Istanbul erfüllte die Wünsche des Profis offensichtlich. Besiktas berichtete ungewöhnlich detailliert und offen über die Modalitäten eines Wechsels, der Hugo Almeida zu einem Großverdiener werden lässt. „Unser Club hat sich mit Werder Bremen auf eine Ablösesumme von zwei Millionen Euro verständigt“, heißt es auf der Homepage. Der 26 Jahre alte Stürmer, der in der Hinrunde neun Tore für Werder erzielte, soll in den kommenden dreieinhalb Jahren insgesamt 9,15 Millionen Euro Gehalt beim 13-maligen türkischen Meister beziehen.

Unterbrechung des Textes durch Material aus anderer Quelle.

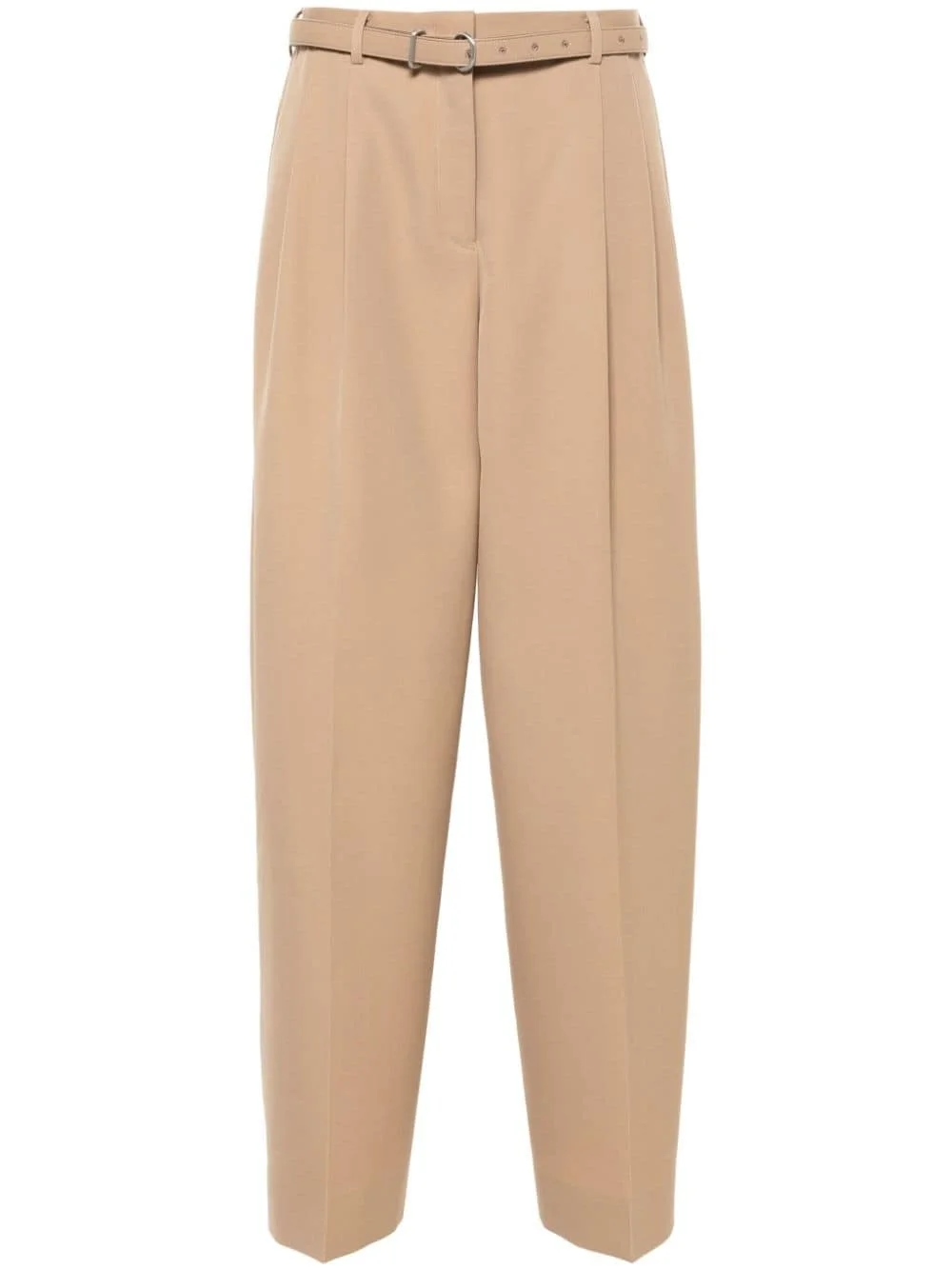 belted trousers Highlights - Light brown - Wool - Gabardine weave - Detachable waist belt - Concealed front button, hook and zip fastening - Belt loops - Two diagonal pockets to the sides - Pleat detailing - Pressed crease - Two rear welt pockets - Wide leg Made in Italy Composition Lining: Cotton 100% Outer: Calf Leather 100%, Wool 100% SIZE & FIT Model measurements Height 5 ft 11 in(1.8 m) Bust/Chest 32.67 in(83 cm) Hips 35.82 in(91 cm) Waist 25.98 in(66 cm) FittingInformation Designed with a wide-leg cut, these trousers allow for a close fit at the waist and offer a loose and roomy fit over the leg The belt offers adjustability for fitted preferences Made from a midweight non-stretch fabric Measurement FRONT RISE 11.81 in(30 cm) INSIDE LEG 31.49 in(80 cm) BACK RISE 16.53 in(42 cm) HIPS 38.58 in(98 cm) Hem Width 11.02 in(28 cm) LENGTH 42.91 in(109 cm) WAIST 28.34 in(72 cm)

Der portugiesische WM-Teilnehmer begrüßte laut „Bild am Sonntag“ in den Medien seines Heimatlandes den Wechsel zum Schuster-Club. „Ich bin froh über diese Herausforderung. Besiktas ist eine Mannschaft, die meine Erwartungen erfüllt“, zitierte die Sportzeitung „A Bola“ den Angreifer, der 2006 an die Weser kam und in 117 Bundesliga- Partien 42 Tore für die Hanseaten erzielte.

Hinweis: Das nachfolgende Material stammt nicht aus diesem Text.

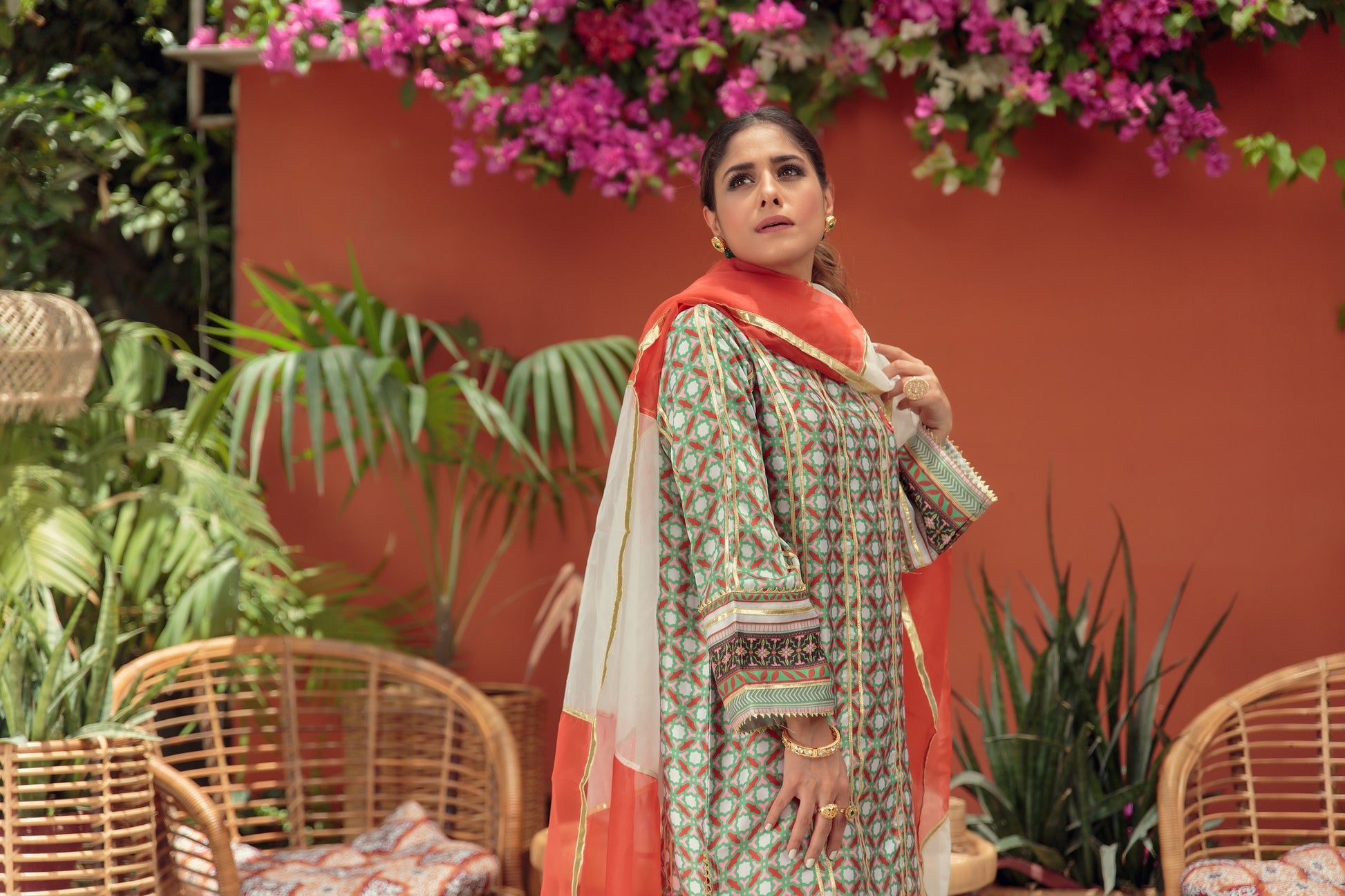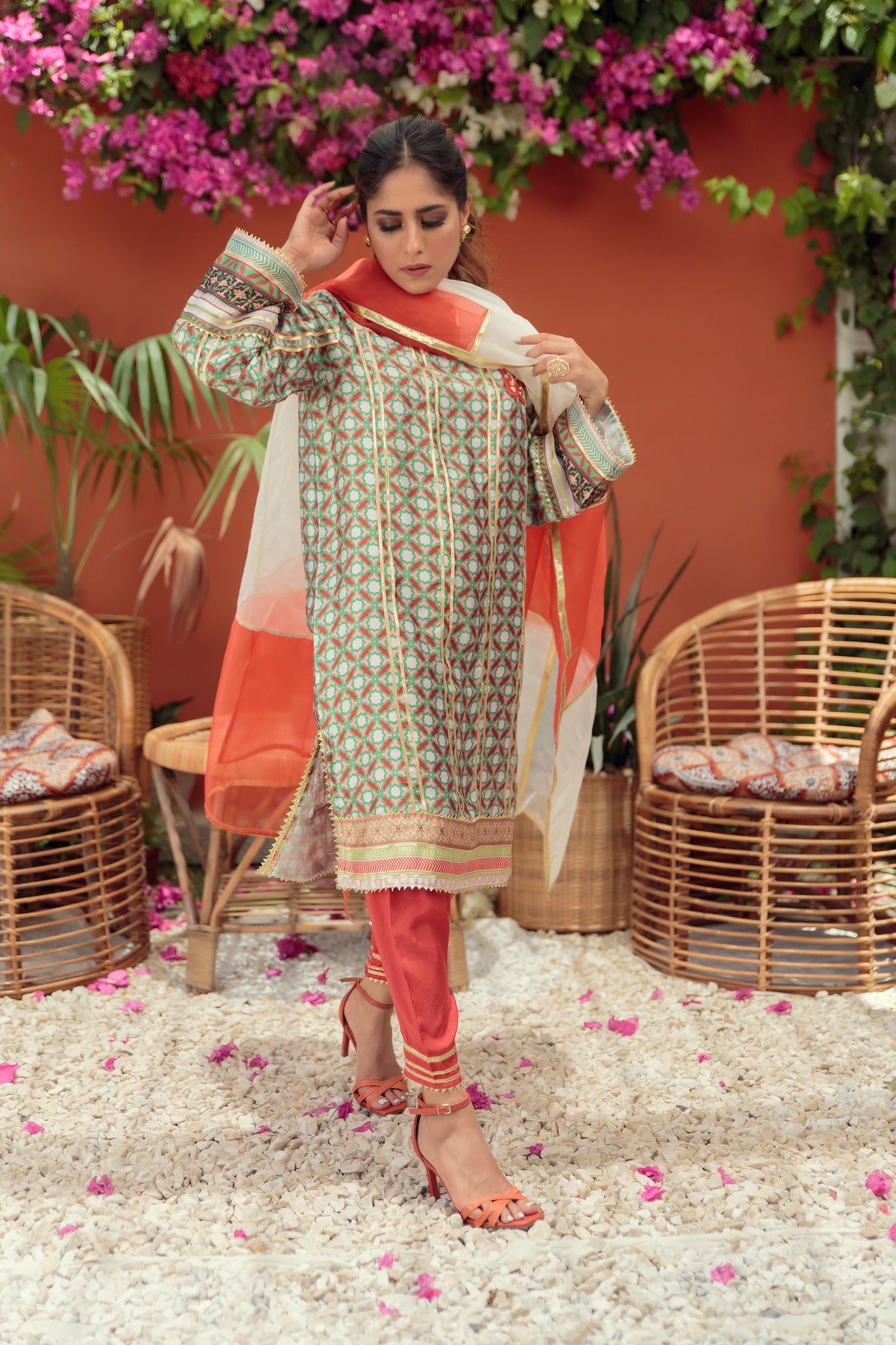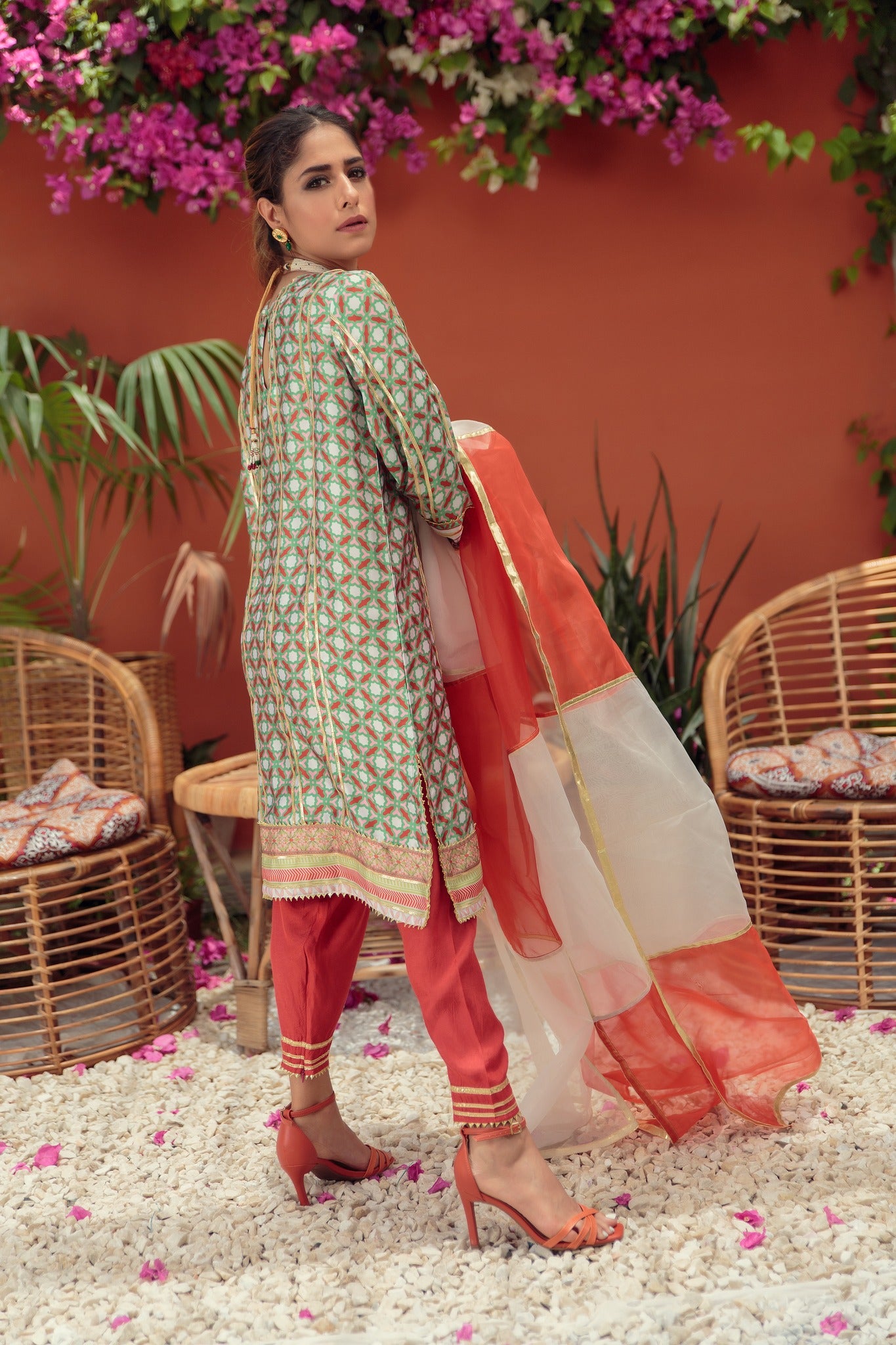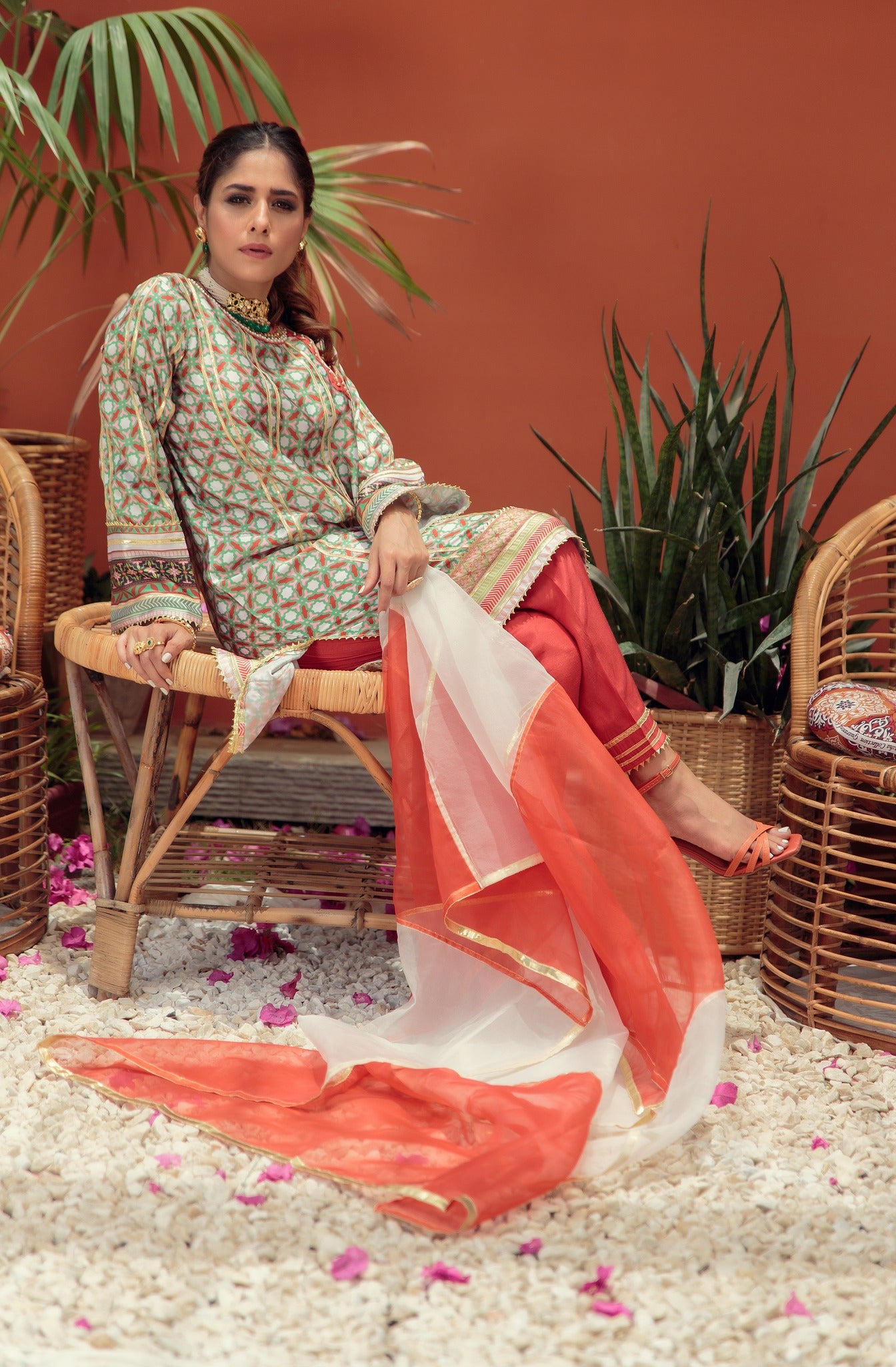 The relaxed, much loved silhouette has a universally flattering neckline, adorned with delicate hand-embroidered neck line. Its paired with a cotton silk shalwar with gota (as pictured) and an organza dupatta to effortlessly steal the show.

Trotz der ordentlichen Trefferquote in der laufenden Saison war die Werder-Führung verärgert über den Stürmer. Hugo Almeida hatte zuletzt beim 3:0 gegen St. Pauli drei Tore erzielt und war danach wegen einer Undiszipliniertheit vom Platz geflogen. Vor allem wegen dieser Roten Karte ist Allofs immer noch sauer auf den Profi.

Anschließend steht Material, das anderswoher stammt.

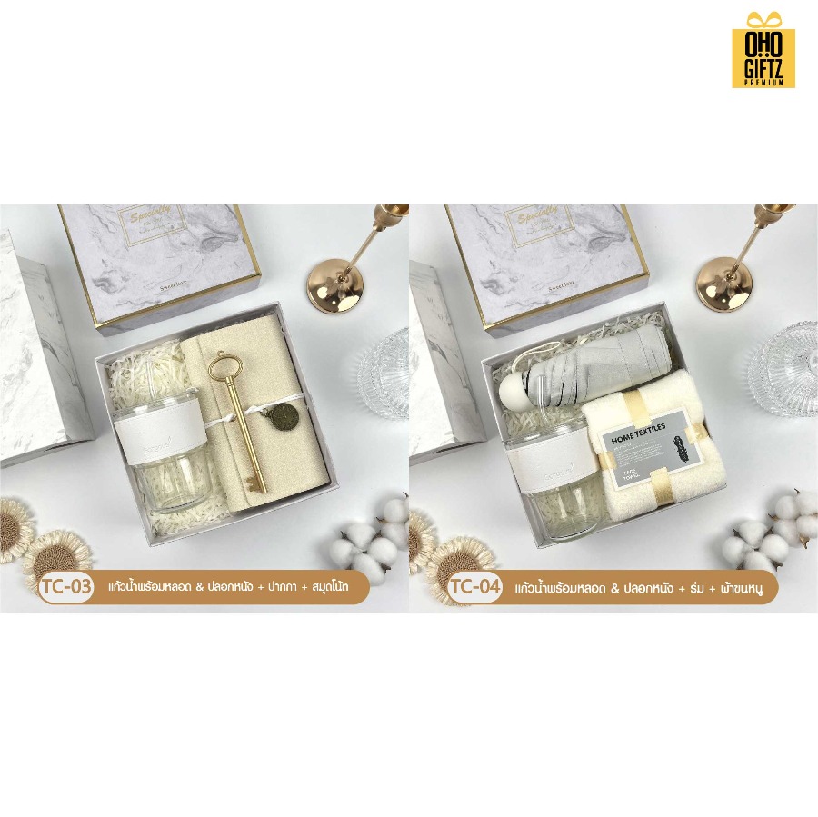 -9 Giftset ชุดของขวัญโทนสีขาวแก้วน้ำพร้อมหลอด & ปลอกหนัง+ร่ม

Der Werder-Boss wird jetzt wohl den Transfermarkt nach möglichen Verstärkungen sondieren. Ohne Hugo Almeida stehen Trainer Thomas Schaaf nur noch drei Stürmer zur Verfügung, mit denen die angestrebte Aufholjagd on der Rückrunde schwer fallen dürfte. Top-Torjäger Claudio Pizarro ist in dieser Saison stark verletzungsanfällig, Marko Arnautovic und Sandro Wagner konnten die Erwartungen während der Vorrunde nicht erfüllen.